Model 3 was: y(t) = [21k1 (1 - exp(-t))/(1+exp(-t))] - [21(k1-k2) (1 - exp(-t))/(1+exp(-(t-c2)))], where t is the number of weeks in test, y is the number of eggs laid over the last 3 weeks, k1 is the proportion of maximum production for the increasing phase of the curve, k2 is the proportion of maximum production for the decreasing phase of the curve, and c2 is the point of inflexion from the upper level of the increasing phase to the lower level of the decreasing phase of the curve (that is, a measure of persistency of egg production) [7]. The traits for which QTL were sought under this model were k1, k2, and c2.

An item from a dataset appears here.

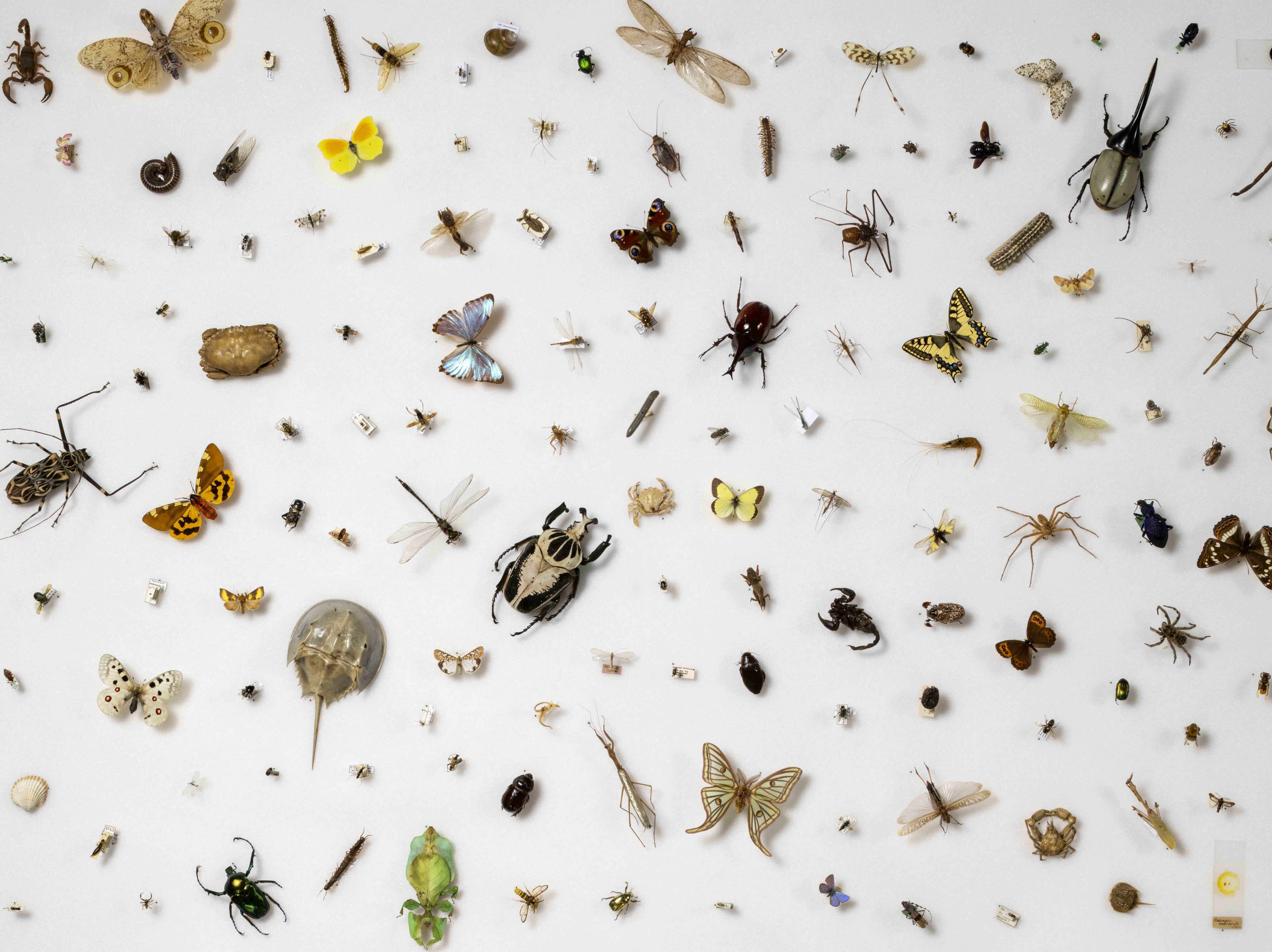 Ein Bockkäfer, eine Baumwanze und eine Gottesanbeterin: Überlebensgross und farbig leuchtend empfangen die Bilder von Levon Biss die Besucherinnen und Besucher des Zoologischen Museums. Sie weisen den Weg in die neue Sonderausstellung, in der sich alles um Insekten dreht: Um ihre Vielfalt, ihre Schönheit und ihre Bedeutung in unserem Alltag. Im Ausstellungsraum selbst hört man Grillen und Zikaden zirpen und immer mal wieder eine Fliege vorbeischwirren. Gleich beim Eingang wartet auf einem beleuchteten Tisch eine ganze Auslegeordnung unterschiedlichster kleiner Lebewesen, die unweigerlich zur Frage führt: Was macht ein Tier überhaupt zum Insekt?

The estimations of the parameters were obtained using the NLIN procedure of the SAS software [21]. Bounds were imposed on estimates of b4 (≤ 0), k1 (≤ 1) and k2 (≥ 0) to insure the coherence between these estimates and the biological meaning of the corresponding parameters of the curve. Under Models 1 and 2, individual egg laying curves could not be estimated for 5 and 7 quail, respectively, because convergence was not reached after 400 iterations, despite trying multiple starting values and using the Marquardt method. This problem was more severe under Model 3, however, for which 51 individual curves could not be obtained.

Genotyping

Genotyping was carried out at Gifu University, and all quail were typed for the 72 microsatellites listed in the Gifu augmented panel [15]. The genotypic data were validated and stored in the MAPGENA database. All 24 F0, 40 F1 and 434 F2 quail in the present experiment belonged to the resource family set up to establish the first microsatellite quail map [16] built from 72 loci resolved into 13 linkage groups, and to carry out a previous QTL study of the same population [12]. Since then, additional work [2224] made it possible to assign all 13 linkage groups (total map distance of 576 cM with a 10 cM average spacing between loci) to chromosomes. Consequently, the unassigned linkage groups Q03, Q04, Q08, Q09, Q10 and Q11 of the first map have been renamed respectively, CJA03, CJA13, CJA09, CJA04, CJA20 and CJA10 in the present work. The sex chromosome was not included in the present study.

QTL analyses

Standard QTL detection was performed using the line cross method [25] implemented in the QTL Express software [26], and it took into account a hatch effect (3 classes). Five thousand permutations [27] were carried out to set significance levels (p c ) for the most likely chromosome-wide QTL. Genome-wide significance (p g ) for a QTL detected on a given chromosome was obtained from p c by: p g = 1-(1-p c )1/r, where r was the ratio of the length of this chromosome over the total chromosome length spanned by the present study. Chromosome-wide significance was set up at p c = 0.05. Genome-wide significant and suggestive thresholds were set up respectively at p g = 0.05 and 0.20.